### Your objective
Repeat exactly the line with "Hama LED-ljusslinga ansluten" and each line after it to the end of the data below; pictures stay out.

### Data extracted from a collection
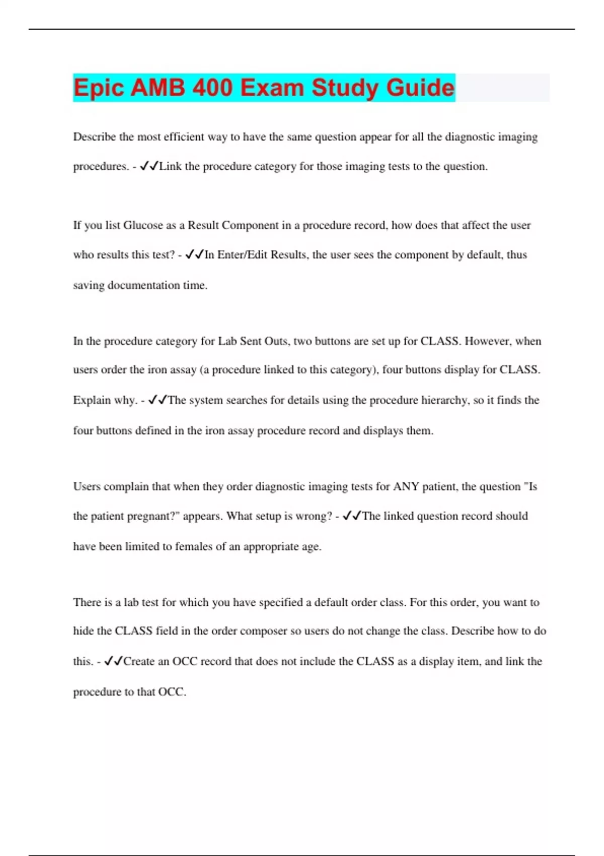 Epic AMB 400 Exam Study Guide | 235 Questions with 100% Correct Answers | Verified | 32 Pages
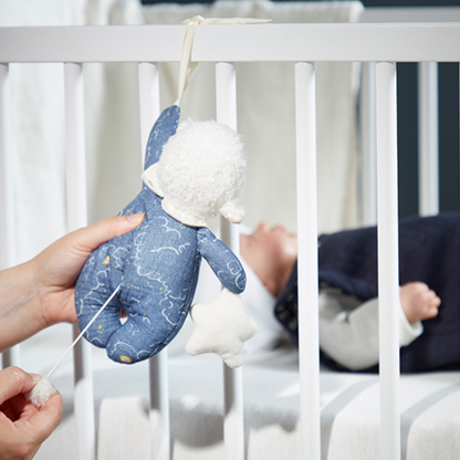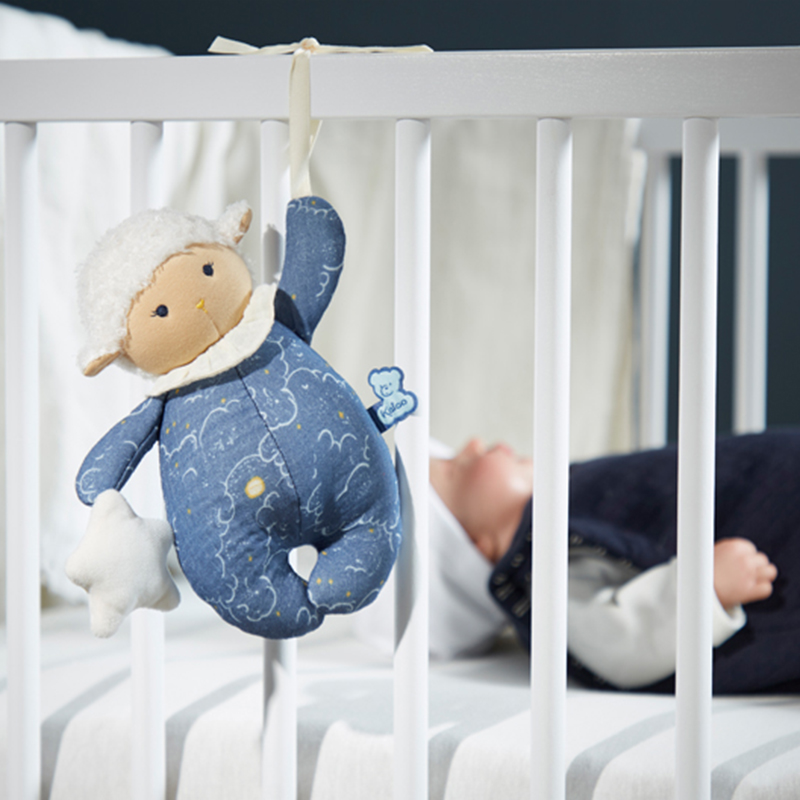 La música tiene un lugar importante en el ritual a la hora de dormir porque ayuda a calmar al bebé. Por eso, nuestra oveja nómada de peluche reproduce la dulce canción La Le Lu cuando le pones el pompón en la espalda. Gracias a su pequeño tamaño de 7,8 pulgadas y a su cinta, se puede llevar y colgar en cualquier lugar para ayudar a tu bebé a conciliar el sueño plácidamente. Apto desde el nacimiento.
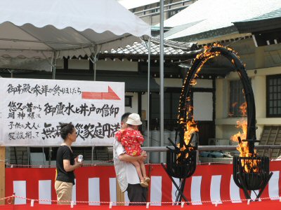 ![]() 火の輪をくぐって無病息災を祈願する |
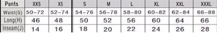 | Waist | 86 | 90 | 94 | 98 | 102 | 106 | 110 |
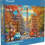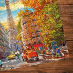 Découvrez le charme de Paris à l'automne avec ce magnifique puzzle de 1000 pièces. L'illustration capture une scène avec un artiste en béret peignant sous la tour Eiffel, entouré de feuilles dorées et de paisibles ruelles parisiennes.
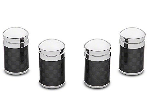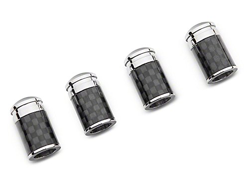 AeroDesigns Carbon Fiber Valve Stem Cap Cover -Hot Ride- Chrome Carbon Black Steel Pressure Valve Stems Caps Universal Fits ALL Cars Trucks SUV Bike & Bicycle ( Fit All Factory / OEM / Racing Wheels )
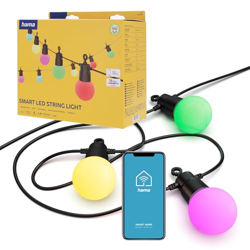 Hama LED-ljusslinga ansluten (WiFi, IP44, utomhus, expanderbar, kompatibel med Alexa, Google Assitant och Apple Siri, 12 x LED, 8 m), flerfärgad
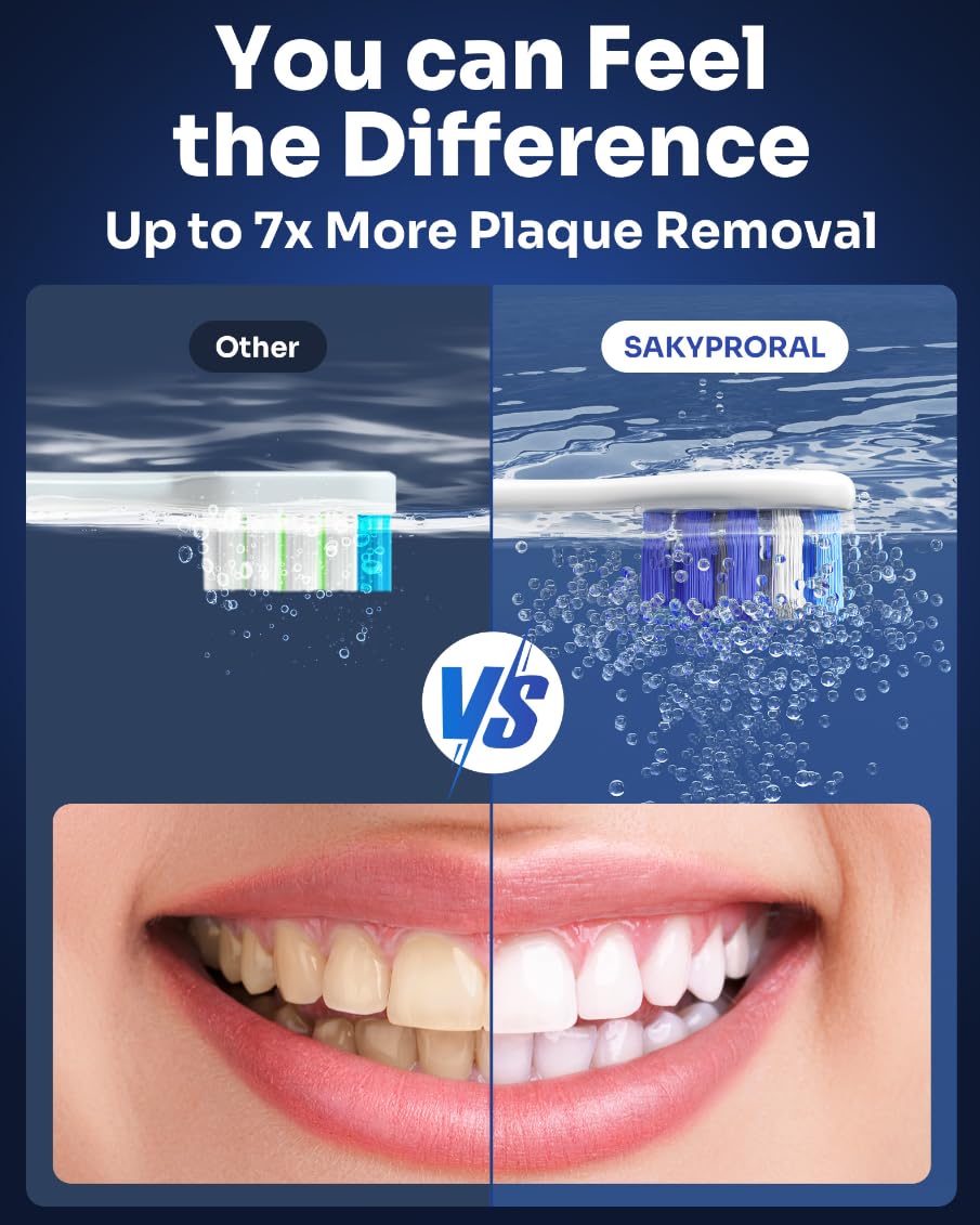 - 150 DAYS RECHARGEABLE BATTERY LIFE & TRAVEL CASE: The exquisite and portable travel case makes G5S electric toothbrush for adults business weeks, weekend camps for kids, and all families'overseas runs all pass without a recharge hunt.
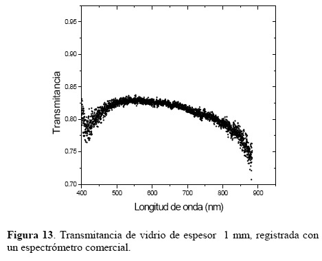 Todas las mediciones realizadas se trataron estadísticamente. La grafica de transmitancia, con la tecnica propuesta, para un vidrio con deposición de una capa diléctrica se muestra en la figura 9.
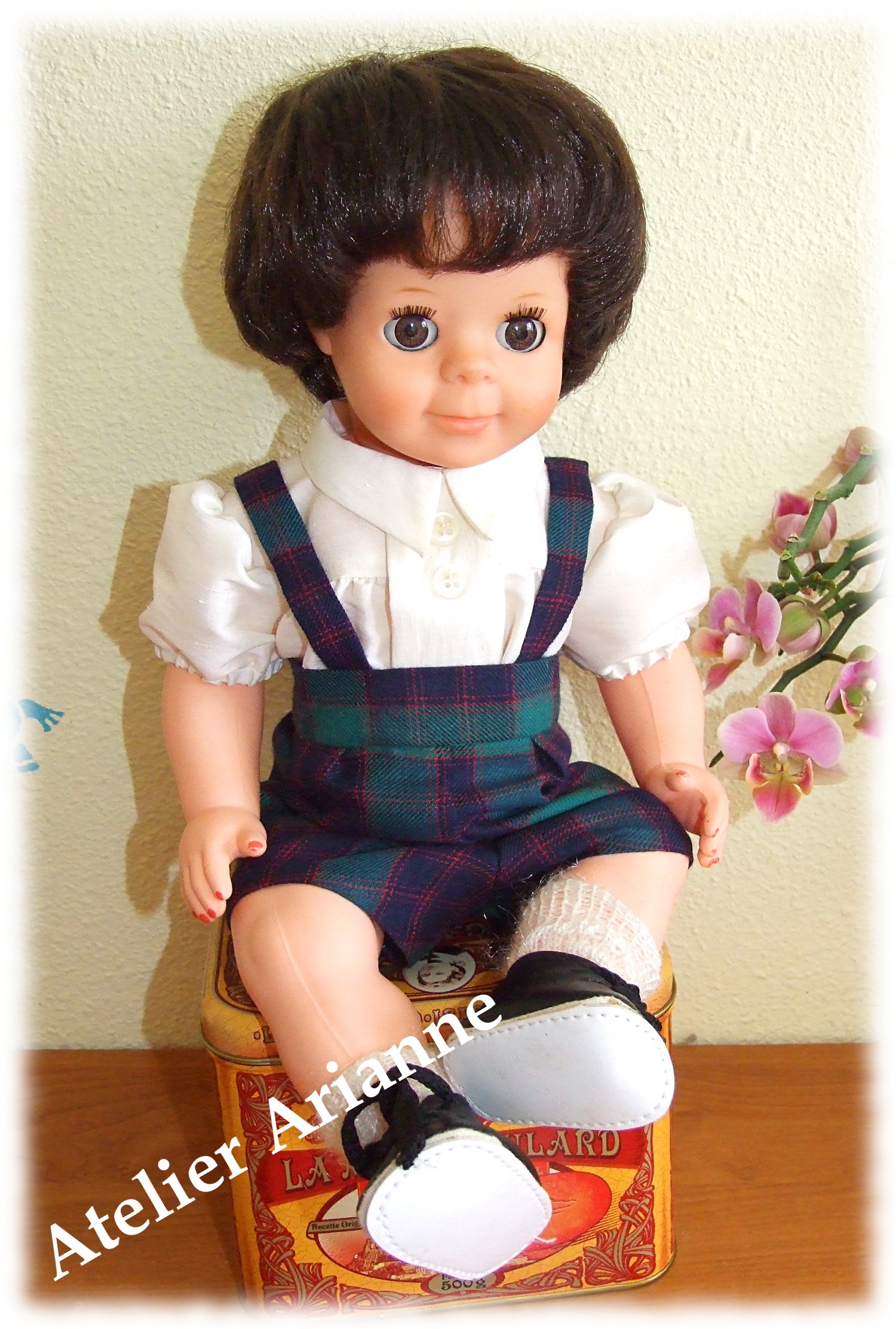 Tenue pour poupées de Modes et Travaux Date : Mars 1962 Poupée : Michel Taille : 39 / 40 cm Nombre de pièces : 2 Couleur : vert et blanc Matériau : tissus d’époque
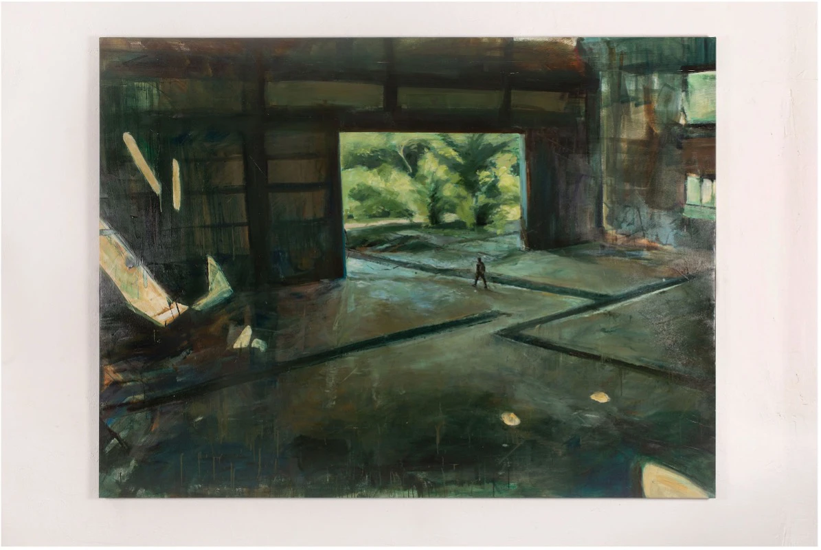 Az EXIT című festmény az egyik legimpozánsabb darabja az ipari tereket ábrázoló ciklusnak. Mély tónusaival, és teljes látómezőt kitöltő méreteivel erőt sugároz, ugyanakkor finom fényekkel, és festői megoldásokkal dolgozik. Drámai, és egyben filozófikus mű, amelyhez súlyos betonfalak és a szabad levegő kontrasztja adott inspirációt.
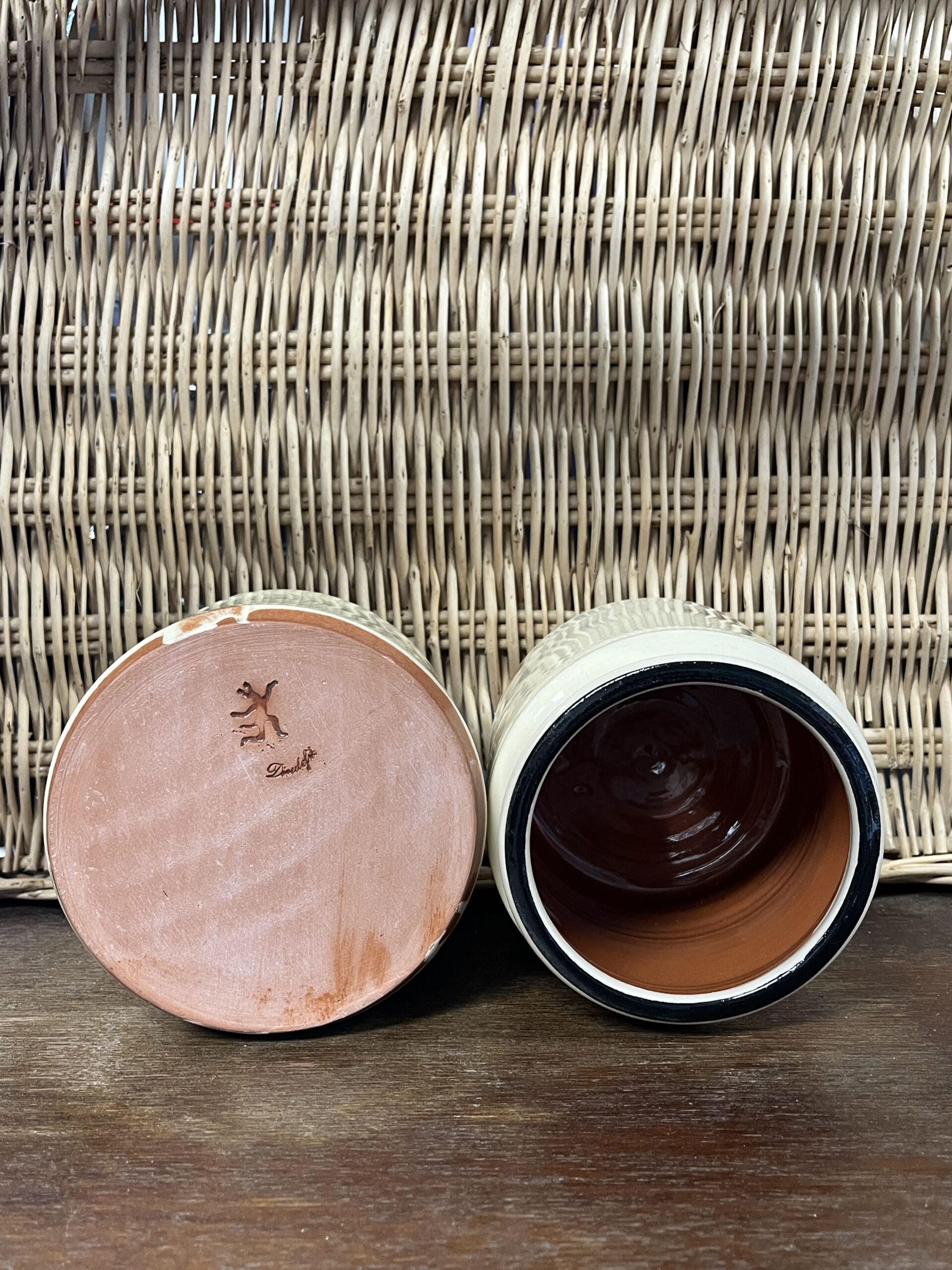 On peut apercevoir les empruntes du doigt du potier à la base de l’objet lors du processus d’émaillage.
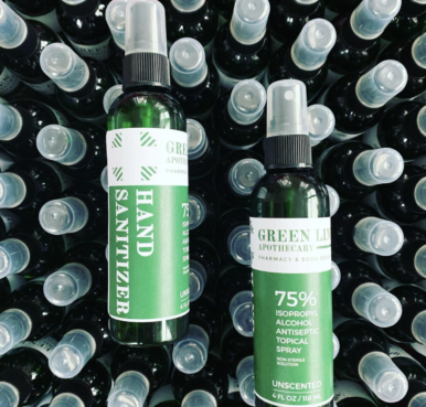 The 75% isopropyl alcohol-based non-sterile spray solution is available for delivery or pick-up at both Green Line Apothecary locations.
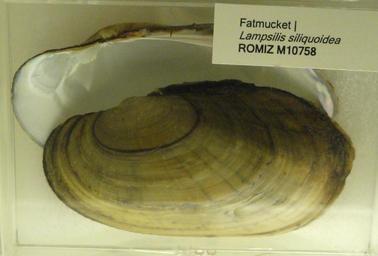 | Keywords: Lampsilis siliquoidea - Royal Ontario Museum - DSC00195.JPG Exhibit in the Royal Ontario Museum Toronto Ontario Canada Photography was permitted in the museum I took this photograph and release it into the public domain Daderot 2011-11-21 12 43 03 Daderot cc0 cc0 Natural History Galleries at the Royal Ontario Museum Lampsilis siliquoidea |

### Task solution
 Hama LED-ljusslinga ansluten (WiFi, IP44, utomhus, expanderbar, kompatibel med Alexa, Google Assitant och Apple Siri, 12 x LED, 8 m), flerfärgad
 - 150 DAYS RECHARGEABLE BATTERY LIFE & TRAVEL CASE: The exquisite and portable travel case makes G5S electric toothbrush for adults business weeks, weekend camps for kids, and all families'overseas runs all pass without a recharge hunt.
 Todas las mediciones realizadas se trataron estadísticamente. La grafica de transmitancia, con la tecnica propuesta, para un vidrio con deposición de una capa diléctrica se muestra en la figura 9.
 Tenue pour poupées de Modes et Travaux Date : Mars 1962 Poupée : Michel Taille : 39 / 40 cm Nombre de pièces : 2 Couleur : vert et blanc Matériau : tissus d’époque
 Az EXIT című festmény az egyik legimpozánsabb darabja az ipari tereket ábrázoló ciklusnak. Mély tónusaival, és teljes látómezőt kitöltő méreteivel erőt sugároz, ugyanakkor finom fényekkel, és festői megoldásokkal dolgozik. Drámai, és egyben filozófikus mű, amelyhez súlyos betonfalak és a szabad levegő kontrasztja adott inspirációt.
 On peut apercevoir les empruntes du doigt du potier à la base de l’objet lors du processus d’émaillage.
 The 75% isopropyl alcohol-based non-sterile spray solution is available for delivery or pick-up at both Green Line Apothecary locations.
 | Keywords: Lampsilis siliquoidea - Royal Ontario Museum - DSC00195.JPG Exhibit in the Royal Ontario Museum Toronto Ontario Canada Photography was permitted in the museum I took this photograph and release it into the public domain Daderot 2011-11-21 12 43 03 Daderot cc0 cc0 Natural History Galleries at the Royal Ontario Museum Lampsilis siliquoidea |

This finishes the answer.